I'm sure this workaround has further implications…

I'd be very happy to help getting this issue fixed. Is there enough consensus for us to go with one of the proposed solutions?

kevinliang · 2018-01-30T00:44:49Z

@OliverJAsh Double encoding doesn't work because if the user hits the back button then the forward button, the error will throw again.

OliverJAsh · 2018-01-30T10:32:20Z

@kevinliang What exactly would throw again? I tried what you said and I didn't get any exception.

cephirothdy2j · 2018-10-19T18:16:13Z

Here's how we're getting around the issue in our project:

Switch your project to use Yarn if necessary.
In package.json, add "history": "4.5.1" to your project's "dependencies".
Also add "history": "4.5.1" to your "resolutions".
You likely will have to encodeURIComponent and decodeURIComponent as you push entries to history and read params off of the URL.

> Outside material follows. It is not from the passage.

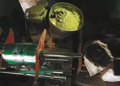 在光线昏暗的倒座房内,放有一台灌装机,机器还散发着热量,口内盛有还未灌装完毕的原料,十三香的包装正在机器上随时等待灌装。在灌装机前方,堆放着20袋左右的原料粉末。
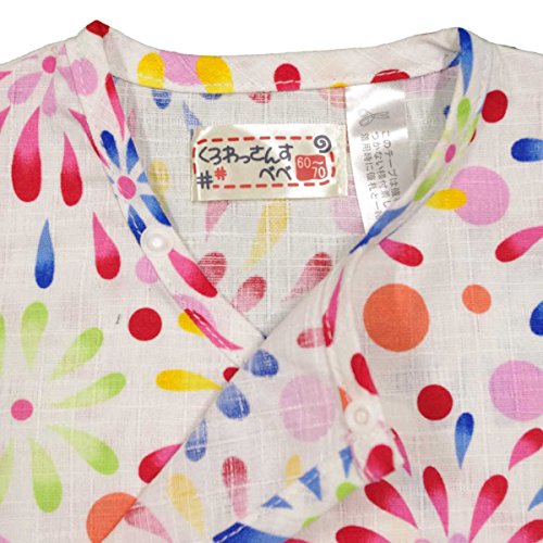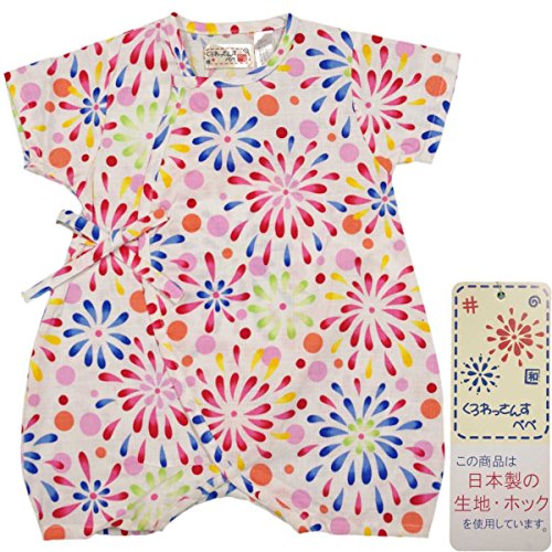 ガールズベビー浴衣|甚平[くろわっさんす べべ]ベビー甚平|ロンパース甚平|花火柄|和柄((日本製生地)綿100%|新生児|女の子|女児用 50-60 ホワイト

Per the library's changelog, the encoding / decoding stuff was first added in v4.6.0, and v4.5.1 is the most recent version published without these changes.

By making history a direct dependency of our project and having any libraries that rely on it resolve to our selective dependency, we get around the encoding / decoding mess. Yes, we do miss out on the benefits this functionality provides - as well as any other upgrades and fixes published to history since 4.5.1 - but we were not using any of those other features anyways.

Andrekra · 2018-11-21T09:30:35Z

For me it seems the decodeURI is the culprit.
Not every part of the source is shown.